- WHAT YOU WILL DO: Please return each entry exactly as it appears, but not the pictures.

-------------------------

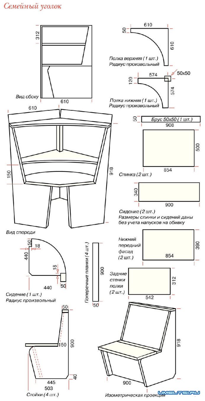 Схема и чертежи кухонного уголка
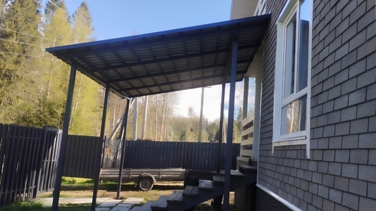 Односкатный навес-пристройка из профнастила над входом в дом Арт-718
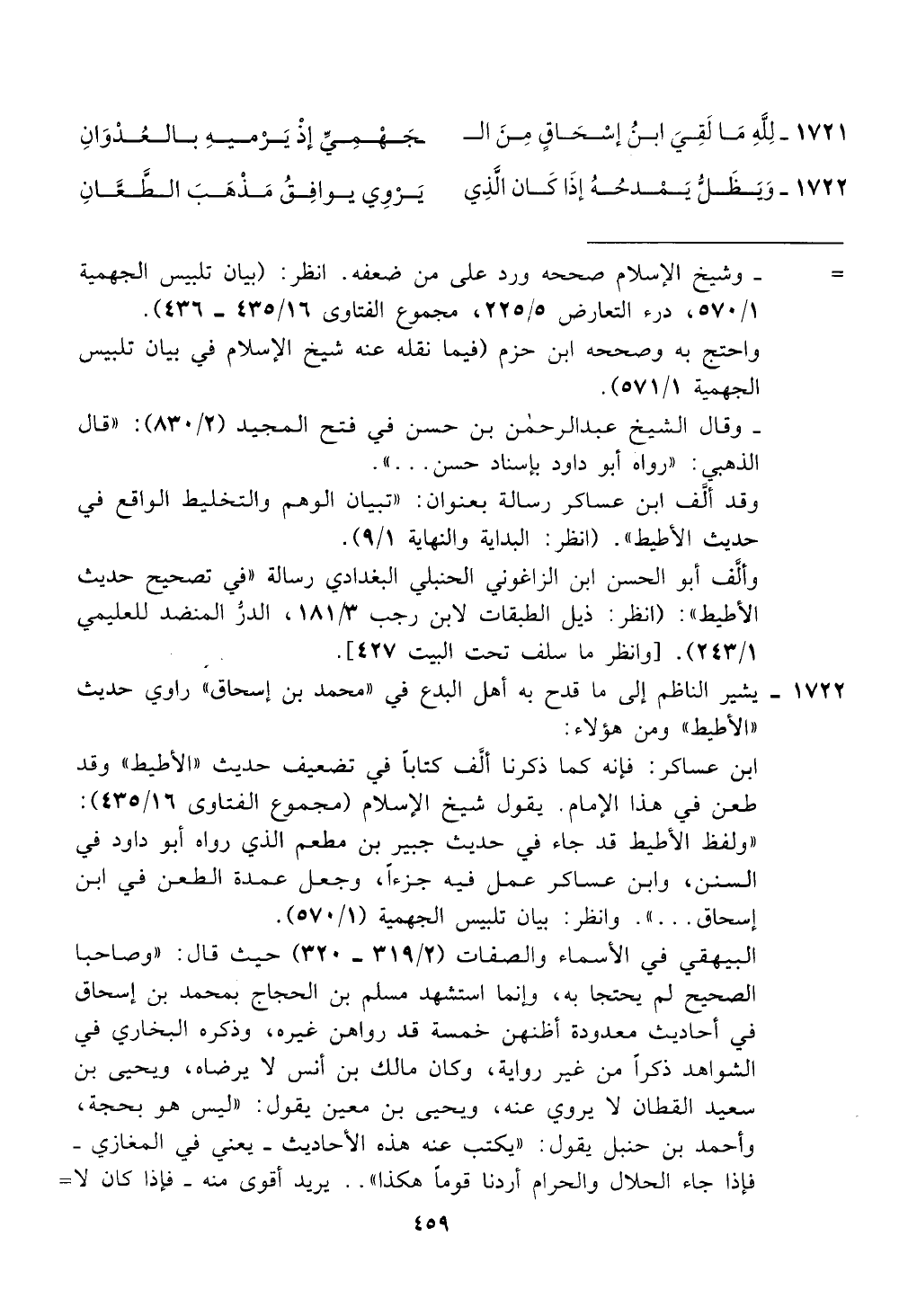 1722 - يشير الناظم إلى ما قدح به اهل البدع في "محمد بن إسحاق " راوي حديث
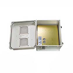 The box is a rugged weatherproof enclosure that is ideal for both indoor and outdoor applications. Constructed from molded fiberglass reinforced polyester, it is well suited for high temperature or corrosive environments. The integrated mounting flange allows it to be mounted directly to any flat wall surface provided proper screws are used into secure studs. The enclosure can be also be mounted to a wide diameter range of poles with one of our optional pole mounting hardware kits. The raised lid features a stainless steel continuous hinge and stainless steel quick release latches with padlock hasps. Includes fully gasketed vented lid with filters & integral mounting flange. The enclosure material is UV stabilized and comes in machine tool gray.
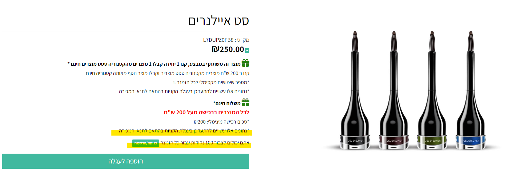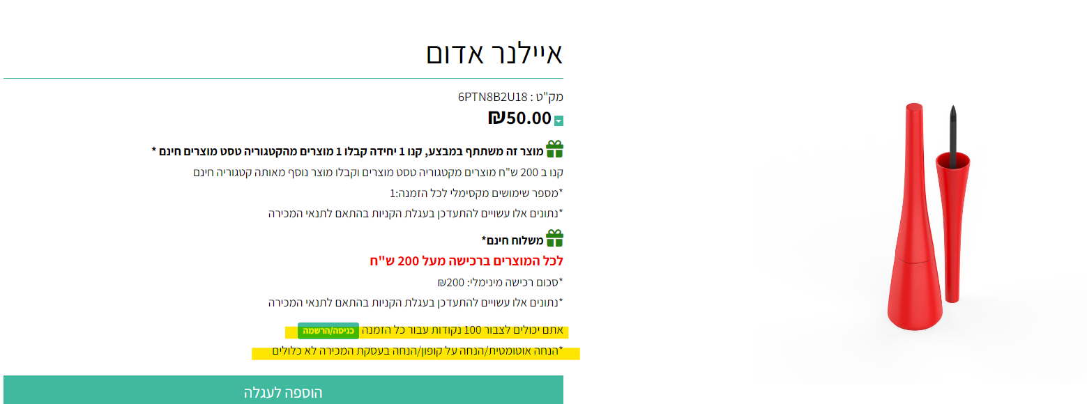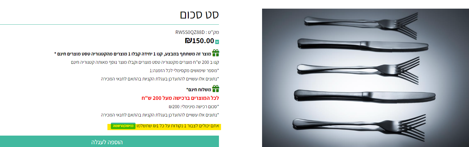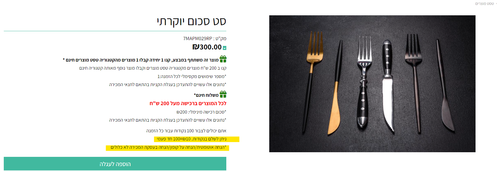כלומר לפי הדוגמה שלנו ברכישת מוצר "סט איילנרים" לקוח ישלם 250 ש"ח ויצבור 100 נקודות. ברכישת איילנר אדום לקוח ישלם 50 ש"ח ויצבור 100 נקודות.
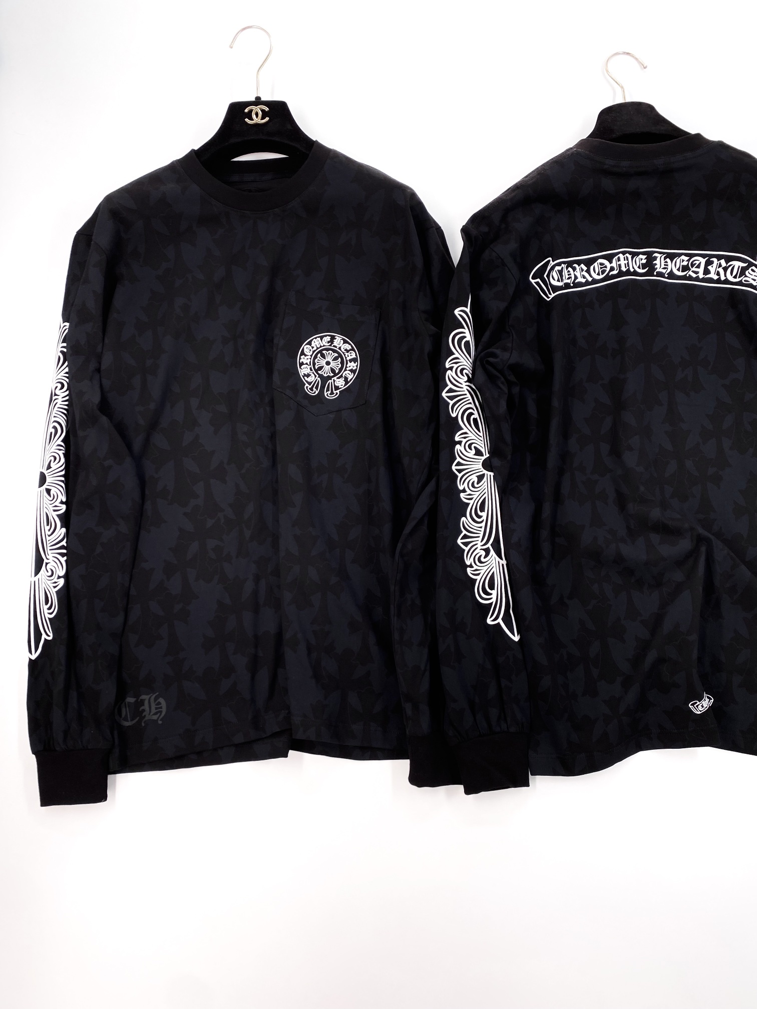 NIGO Chrome Hearts Men's Summer Black Logo Print Round Neck Straight Long Sleeve T-Shirt #nigo99845
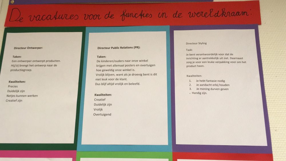 In groep 6/7b en in 7a zijn wij vandaag begonnen met het voeren van sollicitatiegesprekken voor een functie in de Wereldkraam.
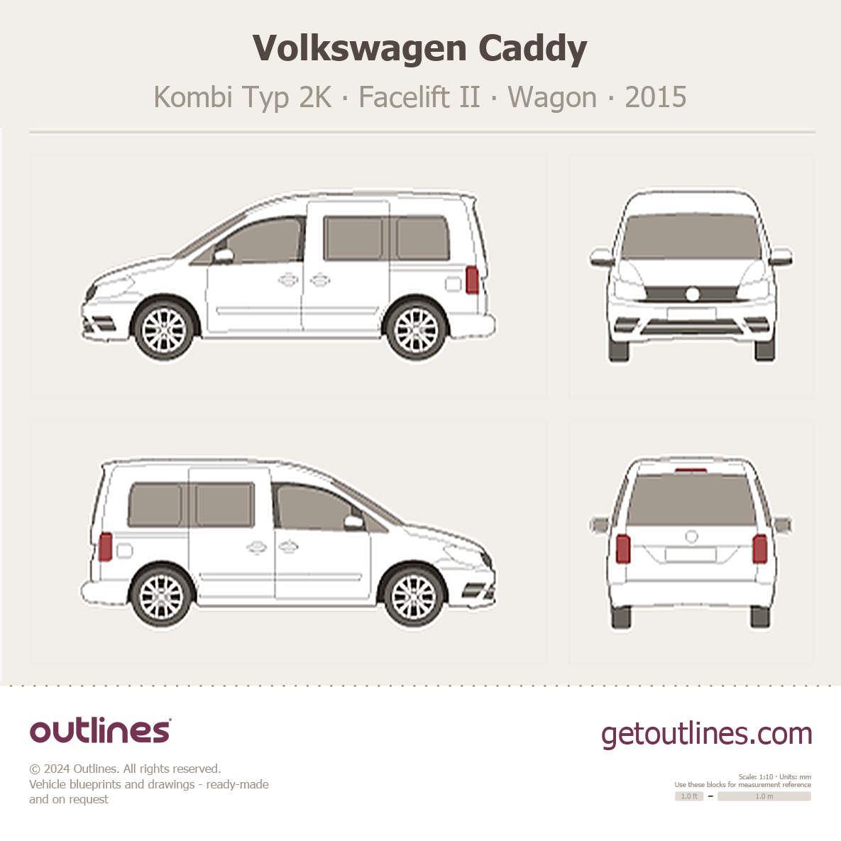 Buy this Volkswagen Caddy Kombi Typ 2K blueprint and line drawing in high-quality editable vector file formats. Best for 3D and car wrap design.
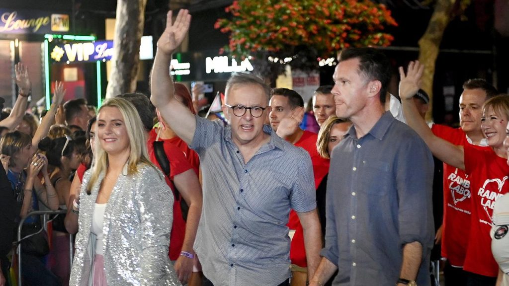 Anthony Albanese, with fiancee Jodie Haydon and NSW Premier Chris Minns, was the first prime minister to take part in the Mardi Gras parade in Sydney in 2023. Picture: NewsWire / Jeremy Piper
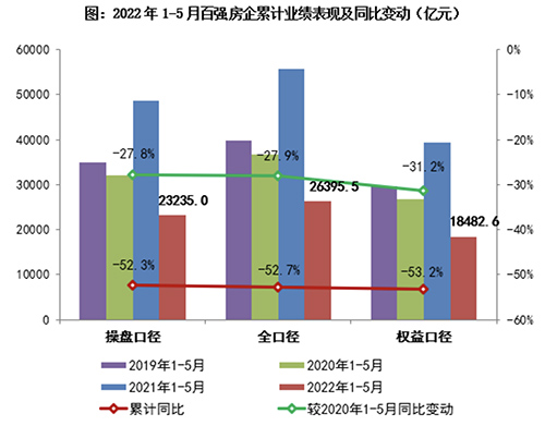 據克而瑞報告顯示,5月份百強房企單月業績同比下降59.4%,降幅保持在較高水平。
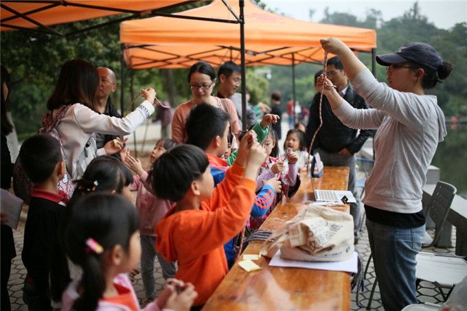 瞧,一旁等待的小朋友正认真的向大学生哥哥姐姐学习如何简单地扎绳索。
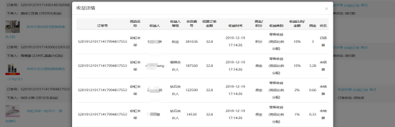 显示所有的订单和每笔订单的收益详情信息,可对订单进行纠错,支持导出订单和订单的佣金信息。
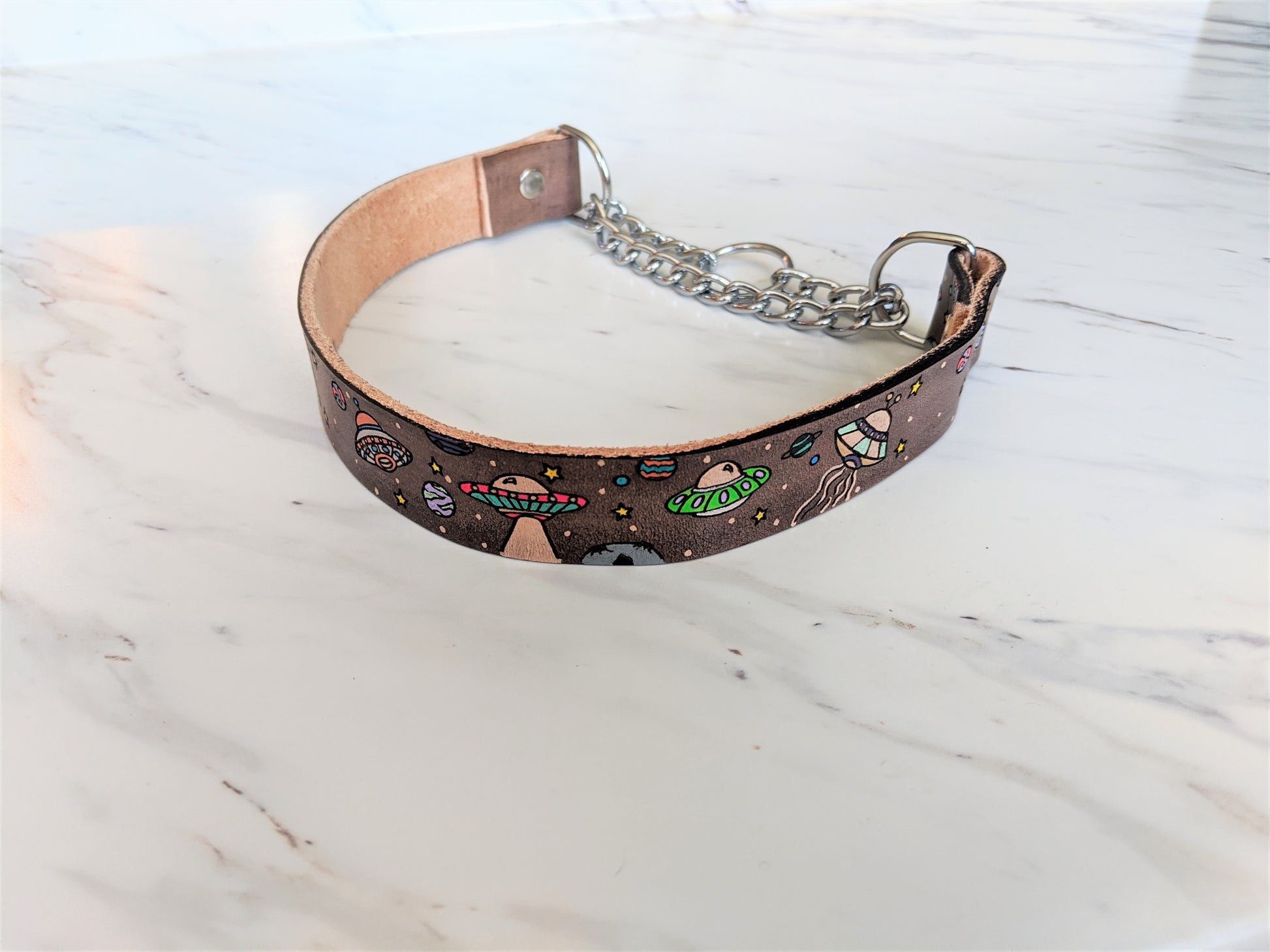 UFO Alien Spaceships - Leather Martingale Dog Collar
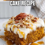 For special occasions, I’ve served this Pumpkin Poke Cake Recipe in individual mason jars layered with extra caramel and pecans on top — it looks adorable and makes portion control easier during family gatherings.
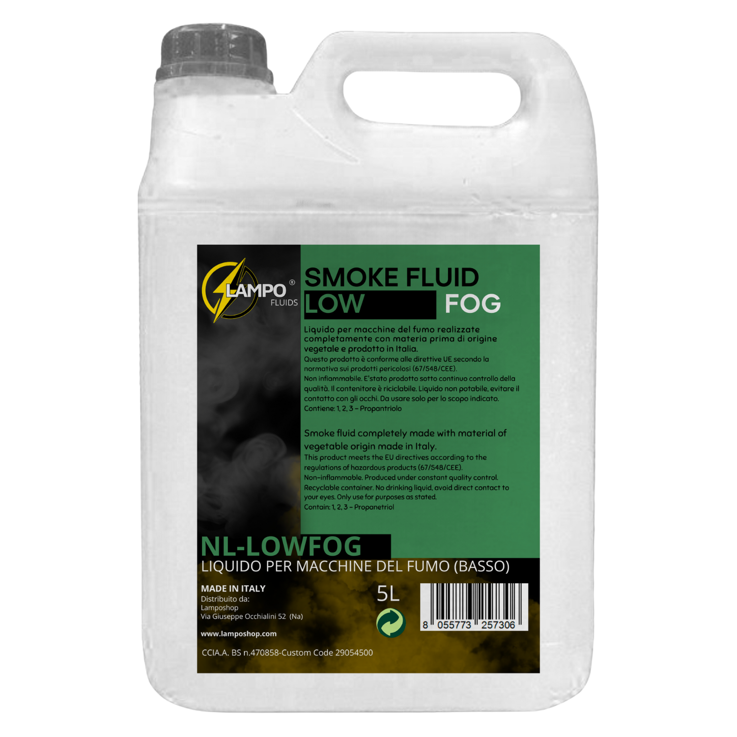 Liquido Lampo Fluids Low Fog-5L per Macchine del Fumo Basso | Nebbia Compatta, Persistente e Biodegradabile | Ricarica Professionale da 5 Litri per Effetti Scenici a Pavimento | Inodore, Non Tossico, Pronto all’Uso | Alta Stabilità e Lenta Dissipazione
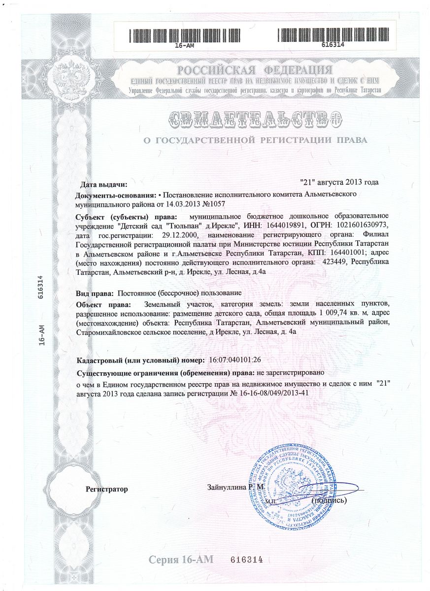 | Короткое название: | МБДОУ "Детский сад "Тюльпан" д. Ирекле" |
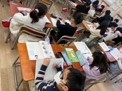今日の国語では、学んだり知っていたりする昔話を参考に、設定した登場人物を用いてオリジナルの昔話を書こうというもの。
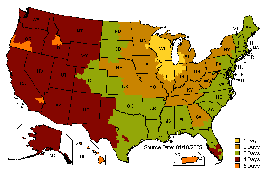 CLICK HERE for UPS "Ground" transit time map. "Time in transit" is BUSINESS days.

-------------------------

- SOLUTION TO THIS PROBLEM:
 Схема и чертежи кухонного уголка
 Односкатный навес-пристройка из профнастила над входом в дом Арт-718
 1722 - يشير الناظم إلى ما قدح به اهل البدع في "محمد بن إسحاق " راوي حديث
 The box is a rugged weatherproof enclosure that is ideal for both indoor and outdoor applications. Constructed from molded fiberglass reinforced polyester, it is well suited for high temperature or corrosive environments. The integrated mounting flange allows it to be mounted directly to any flat wall surface provided proper screws are used into secure studs. The enclosure can be also be mounted to a wide diameter range of poles with one of our optional pole mounting hardware kits. The raised lid features a stainless steel continuous hinge and stainless steel quick release latches with padlock hasps. Includes fully gasketed vented lid with filters & integral mounting flange. The enclosure material is UV stabilized and comes in machine tool gray.
כלומר לפי הדוגמה שלנו ברכישת מוצר "סט איילנרים" לקוח ישלם 250 ש"ח ויצבור 100 נקודות. ברכישת איילנר אדום לקוח ישלם 50 ש"ח ויצבור 100 נקודות.
 NIGO Chrome Hearts Men's Summer Black Logo Print Round Neck Straight Long Sleeve T-Shirt #nigo99845
 In groep 6/7b en in 7a zijn wij vandaag begonnen met het voeren van sollicitatiegesprekken voor een functie in de Wereldkraam.
 Buy this Volkswagen Caddy Kombi Typ 2K blueprint and line drawing in high-quality editable vector file formats. Best for 3D and car wrap design.
 Anthony Albanese, with fiancee Jodie Haydon and NSW Premier Chris Minns, was the first prime minister to take part in the Mardi Gras parade in Sydney in 2023. Picture: NewsWire / Jeremy Piper
 據克而瑞報告顯示,5月份百強房企單月業績同比下降59.4%,降幅保持在較高水平。
 瞧,一旁等待的小朋友正认真的向大学生哥哥姐姐学习如何简单地扎绳索。
 显示所有的订单和每笔订单的收益详情信息,可对订单进行纠错,支持导出订单和订单的佣金信息。
 UFO Alien Spaceships - Leather Martingale Dog Collar
 For special occasions, I’ve served this Pumpkin Poke Cake Recipe in individual mason jars layered with extra caramel and pecans on top — it looks adorable and makes portion control easier during family gatherings.
 Liquido Lampo Fluids Low Fog-5L per Macchine del Fumo Basso | Nebbia Compatta, Persistente e Biodegradabile | Ricarica Professionale da 5 Litri per Effetti Scenici a Pavimento | Inodore, Non Tossico, Pronto all’Uso | Alta Stabilità e Lenta Dissipazione
 | Короткое название: | МБДОУ "Детский сад "Тюльпан" д. Ирекле" |
今日の国語では、学んだり知っていたりする昔話を参考に、設定した登場人物を用いてオリジナルの昔話を書こうというもの。
 CLICK HERE for UPS "Ground" transit time map. "Time in transit" is BUSINESS days.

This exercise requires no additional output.